La meilleure riposte doit aussi préparer le jour où le tarif deviendra inutile. Le Canada doit repérer les pièces, les machines et les biens essentiels dont ses entreprises dépendent, puis utiliser une partie des recettes douanières pour soutenir leur fabrication au pays, faciliter les achats entre les provinces et établir plusieurs sources d’approvisionnement à l’étranger. Chaque produit taxé devrait recevoir une solution de sortie. Une représaille protège le Canada pendant une crise, tandis qu’une politique de remplacement réduit le pouvoir de Washington lors de la crise suivante. L’autonomie économique commence lorsque le fournisseur américain reste un choix plutôt qu’une nécessité.

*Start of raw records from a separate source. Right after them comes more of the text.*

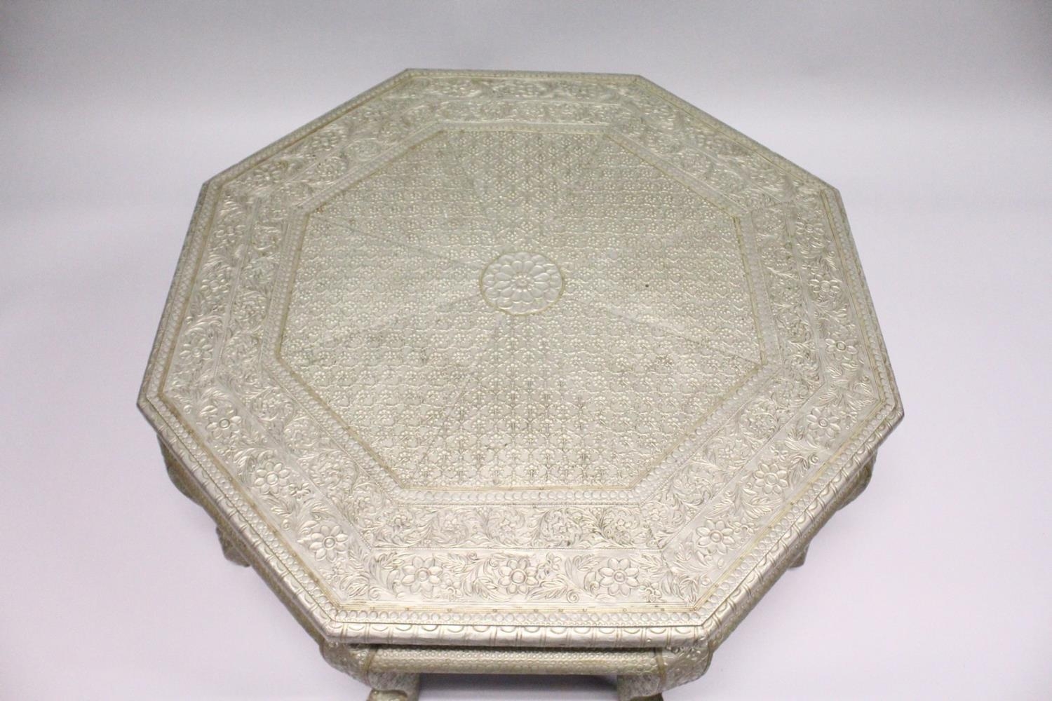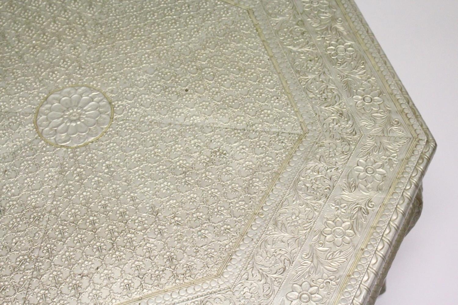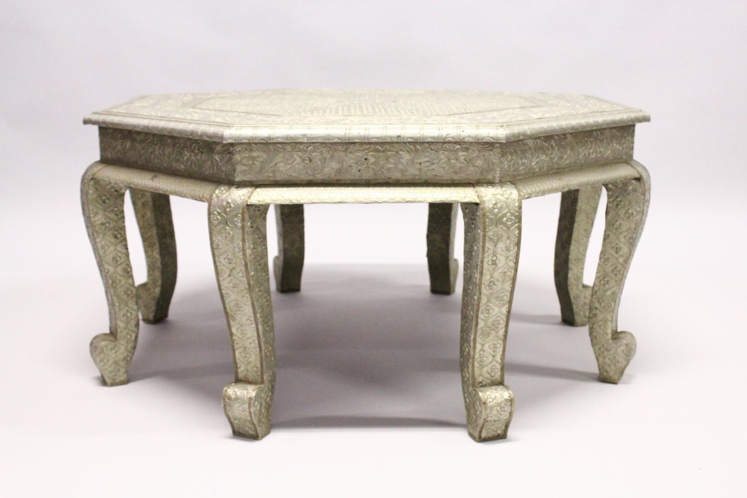 A 19TH CENTURY INDIAN SILVERED OCTAGONAL COFFEE TABLE on eight curving legs.
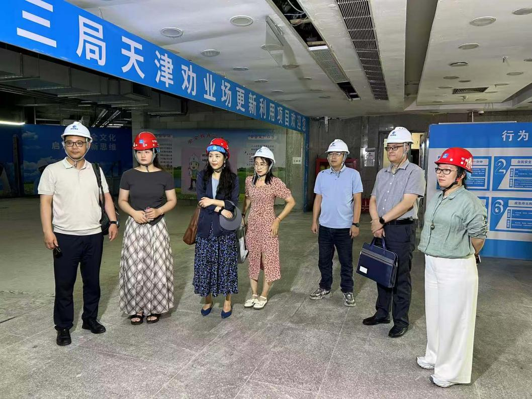 党委书记刘玉斌,营销系副主任曹海英,旅游系教师王彩彩,津融集团董事会秘书、组织部部长陈军辉,天津津融不动产运营有限公司副总经理季迎欣,津融集团商管中心总经理高博实地考察天津劝业场更新利用项目,共同探讨商业与文旅融合的创新发展路径。
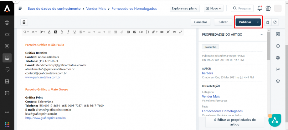 - Escreva no corpo do texto, seguindo a formatação existente e insira os dados do novo parceiro. Clique em Salvar e em seguida Publicar.
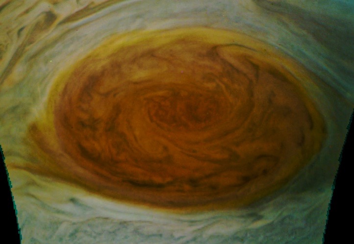 Contrasted to bring out the air current and cloud patterns within the Great Red Spot
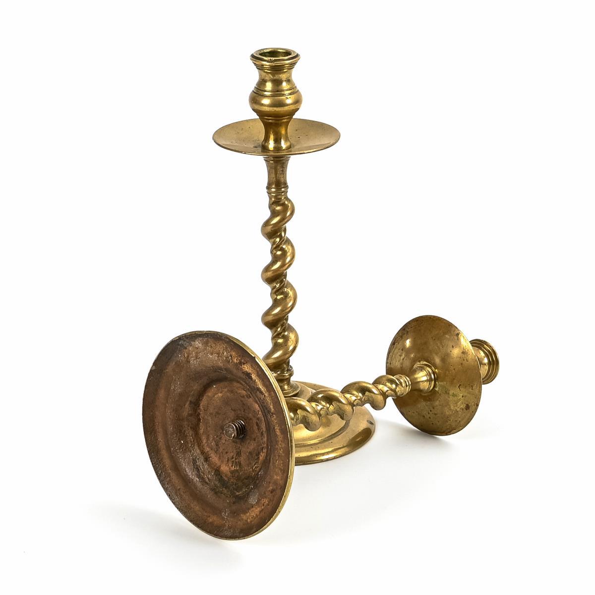 Bronze candlestick with round base, spiral twisted shaft and vase spout above the drip tray. Possibly screw fittings added to the base.

Ottawa doit publier, pour chaque grande catégorie, l’effet attendu sur les prix, les solutions de remplacement disponibles et l’usage prévu des sommes encaissées. Les revenus tirés des tarifs doivent soutenir les travailleurs, les petites entreprises et les familles directement touchés. Une contribution exigée au nom de la souveraineté doit être visible, mesurable et justement répartie.

Le 8 septembre, le portefeuille de Donald Trump restera intact. Ottawa prélèvera la taxe à la frontière canadienne, puis cherchera à transmettre la perte jusqu’aux fabricants américains par une diminution de leurs ventes. Entre la frontière et la Maison-Blanche se trouvera le portefeuille du consommateur canadien. Le Canada peut demander un sacrifice pour défendre sa souveraineté, mais Ottawa doit dire la vérité. Une représaille dirigée contre Washington commence par une facture remise au Canada.